As Michael Shermer in his book "How we believe" nicely illustrates that human brain has evolved to:
  1. Believe in false
  2. Disbelieve the truth
  3. Believe in the truth
  4. Disbelieve the false
Among the above only (3) and (4) are evolutionarily adaptive. But to ensure that (3) and (4) can be true evolution, being lazy enables brain for all of the four possibilities. (1) and (2) are like the spandrel of an arch, collateral damage as in the carpet bombing. Also among the traits originating from (1) and (2) only those survive that are evolutionarily neutral (i.e neither clearly adaptive nor clearly anti-adaptive).

Among the collateral damage an important unintended instinct is rape. The reason the practice of rape still survives is that it is not anti-adaptive. The forces of evolution does not have a moral sense like we do. It does anything to help maximize gene propagation. And rape does not disfavour that. Not only that it may have served as one means of propgation in past. That is the theme of the book "The Natural History of Rape" by evolutionary biologist Thornbull and anthropologist Palmer. Their central argument is that "rape is a genetically developed strategy sustained over generations of human life because it is a kind of sexual selection--a successful reproductive strategy"

Thornbull and Palmer has been predictably misunderstood as condoning rape. They are not. It would be a naturalistic fallacy to promote a "IS" into an "OUGHT". They were simply explaining the evolutionary origin of rape. But they were not justifying or condoning it.

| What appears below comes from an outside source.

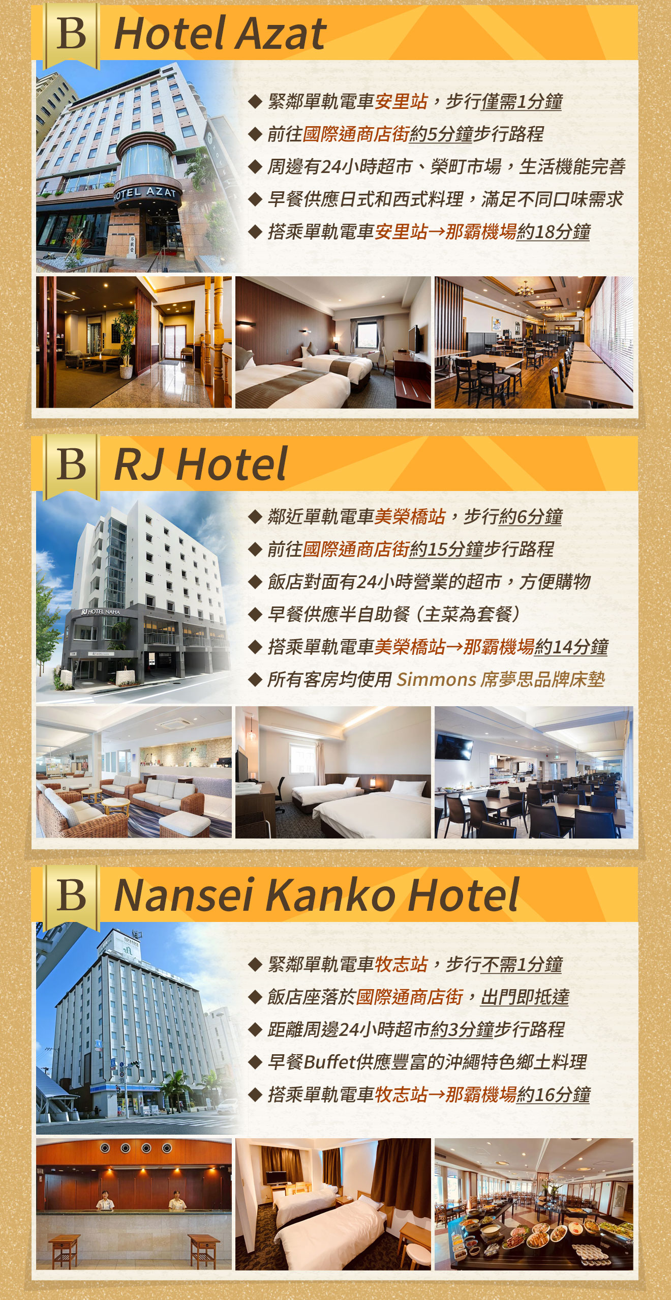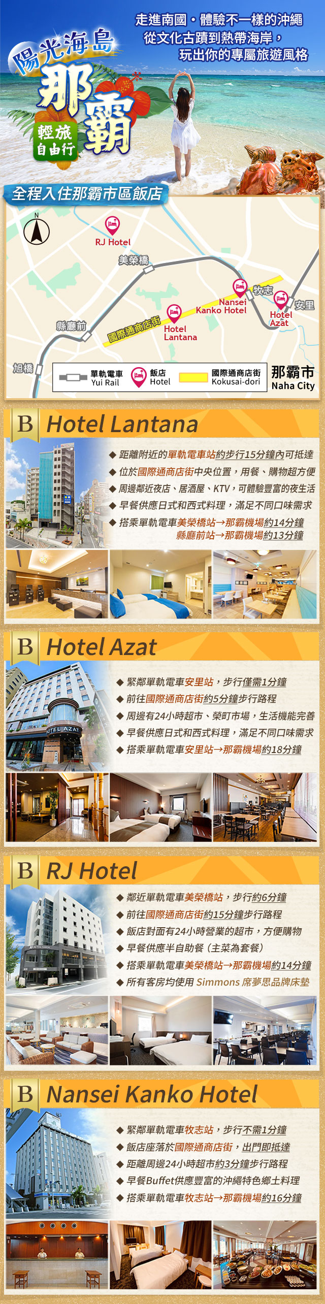 宿 B檔 Hotel Lantana(國際通街上) 或 Hotel Azat(近國際通) 或 RJ Hotel 或 Nansei Kanko Hotel 或 同級

Description is not prescription. Explanation is not exculpation. Matt Ridley, another biologist also says "Rape was evolutionarily adaptive" in his book "The Origins of Virtue." as quoted in p-45 of "Sexing the Brain" by neuropsychologist Lesley Rogers.

The presence of evil is an inevitable result of the physical laws acting to sustain equilibrium or stability and thus avoid extinction of a species. As I mentioned earlier evil is a necessary unintended byproduct of evolution. Lying can be seen to be another such necessary but unintended trait. As physicist Heinz Pagels nicely illustrates in his book "The Dreams of Reason", page 330:

"The new sciences of complexity and the perspectives on the world offered by computer modelling may teach us things that we did not realize about the values we hold. Science cannot resolve moral conflicts, but it can help to more accurately frame the debates about those conflicts. Take for example, the act of lying. We hold the telling of truths as a value; we are not supposed to lie. Yet if everyone told the truth all the time so that one could have complete trust in what one is told, then the advantage that would accrue to a single liar in society would be immense. This is not a stable social situation. On the other hand, in a society of individuals in which everyone lied all the time, society would be unworkable. The equlibrium state seems to be the one in which people tell the truth most of the time but occasionally lie, which is how the world really seems to be. In a sense, then, it is the liars among (and within) us that keep us both honest and on our guard. This kind of scientific analysis of lying can help us understand why we do it."
Just as evolution does not favor that all be truthful, it also does not favor all be liars. In favors some liars among a majority of truthful. Game theory confirms all this fundamental fact of nature. Basically it confirms the old cliché that evil is necessary so good can exist. But this time it is given a mathematical justification. An utopian world of no evil is theoretically impossible in a species made of carbon based life form as we know it.